1930年、物理学者ヴォルフガング・パウリ(オーストリア)**が「ベータ崩壊に関わる中性粒子(後のニュートリノ)の存在」を提唱。
これを受けて、エンリコ・フェルミが「ベータ崩壊を4種類の粒子が1点で相互作用する過程とする理論」を構築した。
 ⇒フェルミが上記論文をイギリスの学術雑誌Natureに投稿したが、「推測的過ぎる」という理由により掲載拒否された。(Natureはこの審査について、創刊以来の大きな編集ミスの一つであると認めているそうな)

1932年、物理学者ジェームズ・チャドウィック(イギリス)***が「中性子の存在」を実験で証明する。

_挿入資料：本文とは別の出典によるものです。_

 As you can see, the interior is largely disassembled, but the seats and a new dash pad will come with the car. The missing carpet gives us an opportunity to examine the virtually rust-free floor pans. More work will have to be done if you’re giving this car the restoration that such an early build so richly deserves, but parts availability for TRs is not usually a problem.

1933年、ラザフォードが「原子核の秘めたエネルギーを工業的規模で解放するのは絵空事(moonshine)」と説く。

1934年、フェルミはNatureに拒否された上記論文をイタリアの学術雑誌Nuovo Cimentoとドイツの学術雑誌Zeitschrift für Physikへ投稿し掲載される。

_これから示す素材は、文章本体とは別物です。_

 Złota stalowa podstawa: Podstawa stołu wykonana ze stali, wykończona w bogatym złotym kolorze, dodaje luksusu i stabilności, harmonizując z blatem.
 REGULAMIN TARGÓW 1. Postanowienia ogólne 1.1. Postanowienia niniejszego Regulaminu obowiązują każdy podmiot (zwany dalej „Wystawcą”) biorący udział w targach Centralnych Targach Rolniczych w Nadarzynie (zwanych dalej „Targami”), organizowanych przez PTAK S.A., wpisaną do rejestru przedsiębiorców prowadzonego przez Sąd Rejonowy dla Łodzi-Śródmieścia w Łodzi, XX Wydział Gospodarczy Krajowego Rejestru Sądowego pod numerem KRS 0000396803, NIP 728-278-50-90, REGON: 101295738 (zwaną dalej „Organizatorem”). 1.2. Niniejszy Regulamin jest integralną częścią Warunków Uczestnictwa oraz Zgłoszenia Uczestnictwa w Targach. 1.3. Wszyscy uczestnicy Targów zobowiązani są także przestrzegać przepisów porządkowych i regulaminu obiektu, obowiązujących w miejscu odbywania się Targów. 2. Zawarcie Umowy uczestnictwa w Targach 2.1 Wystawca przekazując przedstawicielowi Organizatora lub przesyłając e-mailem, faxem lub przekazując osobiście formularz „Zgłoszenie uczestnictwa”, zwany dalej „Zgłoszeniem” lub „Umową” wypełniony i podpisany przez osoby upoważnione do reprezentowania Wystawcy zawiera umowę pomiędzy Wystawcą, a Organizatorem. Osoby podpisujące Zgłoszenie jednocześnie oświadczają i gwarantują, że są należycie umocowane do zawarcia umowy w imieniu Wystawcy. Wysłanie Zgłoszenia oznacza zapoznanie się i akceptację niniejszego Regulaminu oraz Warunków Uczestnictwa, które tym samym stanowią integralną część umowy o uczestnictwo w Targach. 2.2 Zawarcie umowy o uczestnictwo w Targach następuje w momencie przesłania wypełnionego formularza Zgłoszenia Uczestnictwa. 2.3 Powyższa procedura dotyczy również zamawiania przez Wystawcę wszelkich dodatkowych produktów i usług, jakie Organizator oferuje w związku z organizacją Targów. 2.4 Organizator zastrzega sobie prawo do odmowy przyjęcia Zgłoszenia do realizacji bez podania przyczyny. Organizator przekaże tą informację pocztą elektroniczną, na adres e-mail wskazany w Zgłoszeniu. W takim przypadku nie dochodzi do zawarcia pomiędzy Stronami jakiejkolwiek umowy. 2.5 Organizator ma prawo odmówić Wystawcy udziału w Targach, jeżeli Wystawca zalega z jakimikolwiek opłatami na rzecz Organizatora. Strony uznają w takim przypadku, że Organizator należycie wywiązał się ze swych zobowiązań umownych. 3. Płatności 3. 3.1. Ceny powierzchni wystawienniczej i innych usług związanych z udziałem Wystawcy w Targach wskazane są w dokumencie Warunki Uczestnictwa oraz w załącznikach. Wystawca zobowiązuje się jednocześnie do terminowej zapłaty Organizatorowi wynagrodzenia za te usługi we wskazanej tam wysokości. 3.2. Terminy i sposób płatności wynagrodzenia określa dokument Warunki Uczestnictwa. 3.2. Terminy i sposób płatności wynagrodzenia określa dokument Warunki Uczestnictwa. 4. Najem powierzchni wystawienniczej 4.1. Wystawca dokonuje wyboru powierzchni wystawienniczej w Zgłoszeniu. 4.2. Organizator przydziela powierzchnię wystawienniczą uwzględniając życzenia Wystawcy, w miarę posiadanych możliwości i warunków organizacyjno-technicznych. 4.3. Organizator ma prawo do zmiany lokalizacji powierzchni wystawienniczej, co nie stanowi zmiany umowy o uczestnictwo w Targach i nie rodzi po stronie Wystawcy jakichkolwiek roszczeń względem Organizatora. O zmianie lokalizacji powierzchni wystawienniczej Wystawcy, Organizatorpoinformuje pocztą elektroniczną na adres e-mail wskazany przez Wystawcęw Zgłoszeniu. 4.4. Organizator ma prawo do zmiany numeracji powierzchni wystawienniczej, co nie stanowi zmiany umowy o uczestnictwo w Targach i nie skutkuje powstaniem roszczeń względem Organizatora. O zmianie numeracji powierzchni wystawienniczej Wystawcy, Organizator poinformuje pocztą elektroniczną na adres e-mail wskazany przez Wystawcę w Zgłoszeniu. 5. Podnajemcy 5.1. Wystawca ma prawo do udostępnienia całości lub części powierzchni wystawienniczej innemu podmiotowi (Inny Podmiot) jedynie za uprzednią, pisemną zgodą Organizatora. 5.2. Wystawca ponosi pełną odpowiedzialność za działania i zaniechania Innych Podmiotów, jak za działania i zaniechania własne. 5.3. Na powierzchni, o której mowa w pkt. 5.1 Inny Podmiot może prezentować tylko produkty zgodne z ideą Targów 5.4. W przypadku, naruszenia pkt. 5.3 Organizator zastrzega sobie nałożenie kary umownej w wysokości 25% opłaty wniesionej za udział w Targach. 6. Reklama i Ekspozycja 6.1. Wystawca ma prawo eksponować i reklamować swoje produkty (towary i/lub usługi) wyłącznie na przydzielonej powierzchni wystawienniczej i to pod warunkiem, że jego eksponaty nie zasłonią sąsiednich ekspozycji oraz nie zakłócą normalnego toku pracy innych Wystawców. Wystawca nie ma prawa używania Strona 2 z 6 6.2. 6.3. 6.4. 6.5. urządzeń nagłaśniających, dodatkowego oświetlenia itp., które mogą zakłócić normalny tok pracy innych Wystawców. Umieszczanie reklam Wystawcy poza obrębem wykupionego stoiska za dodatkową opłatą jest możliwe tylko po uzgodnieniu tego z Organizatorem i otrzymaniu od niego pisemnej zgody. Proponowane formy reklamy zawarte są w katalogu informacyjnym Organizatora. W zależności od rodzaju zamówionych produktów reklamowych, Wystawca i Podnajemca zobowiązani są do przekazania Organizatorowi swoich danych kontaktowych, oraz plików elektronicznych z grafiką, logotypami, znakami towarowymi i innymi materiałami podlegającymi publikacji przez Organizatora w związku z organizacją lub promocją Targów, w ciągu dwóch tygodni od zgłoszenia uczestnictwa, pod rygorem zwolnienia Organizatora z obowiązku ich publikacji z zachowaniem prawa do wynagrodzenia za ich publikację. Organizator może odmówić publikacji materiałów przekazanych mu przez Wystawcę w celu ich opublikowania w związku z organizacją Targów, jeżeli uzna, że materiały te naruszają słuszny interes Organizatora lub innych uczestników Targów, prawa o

1938年、フェルミが中性子衝撃によって作られる新放射性元素を生成し、熱中性子を発見する。
1938年、シラードがアメリカに移住。
1938年、ウォルター・ヘンリー・ジンがアメリカに帰化。
1938年、フェルミがノーベル物理学賞受賞。授賞式の後にアメリカに移住。
1939年、化学学者オットー・ハーン(ドイツ)****とフリッツ・シュトラスマ(ドイツ)*****が「ウラニウムの核分裂反応の発見」の論文を発表した。ウラン235に中性子を衝突させて分裂させることに成功。

*アーネスト・ラザフォード(ニュージーランド)
21歳の時に学士、22歳で修士の学位を取得、復学をしたり留学したりで23歳と26歳の時にも学士を取得。
博士号を取得したのは30歳の時だった。「核物理学の父」と呼ばれる人物。
1933年に「原子核の秘めたエネルギーを工業的規模で解放するのは絵空事(moonshine)」と言った人。

**ヴォルフガング・パウリ(オーストリア)
ドイツ・バイエルンのミュンヘン大学で21歳の時に(大学入学3年後)で博士号を取得。

***ジェームズ・チャドウィック(イギリス)
イギリスのケンブリッジ大学のカレッジ(Gonville and Caius College)で30歳の時に博士号取得。
20歳で大学卒業、修士号は1913年22歳の時にビクトリア大学で取得していたが、その後第一次世界大戦が始まった。
彼はラザフォードに師事していて、博士号もラザフォードの下で取得している。

****オットー・ハーン(ドイツ)
ドイツのマールブルク大学で22歳の時に(大学入学4年後)で博士号を取得。

*****フリッツ・シュトラスマ(ドイツ)
ドイツのハノファー大学で27歳の時に(大学入学9年後)博士号を取得。


ウォルター・ヘンリー・ジン
カナダのベルリン出身。
カナダ・クイーズ大学で1927年21歳の時に学士、1930年24歳の時に修士の学位を取得。
同年アメリカのコロンビア大学に入学し物理学を学び博士号取得。

1927年~1928年はクイーンズ大学で、1931年~1932年はコロンビア大学で教鞭をとり、1932年にニューヨーク市立大学の講師になった。
1938年にアメリカに帰化し、コロンビア大学の物理学研究所で働いていた。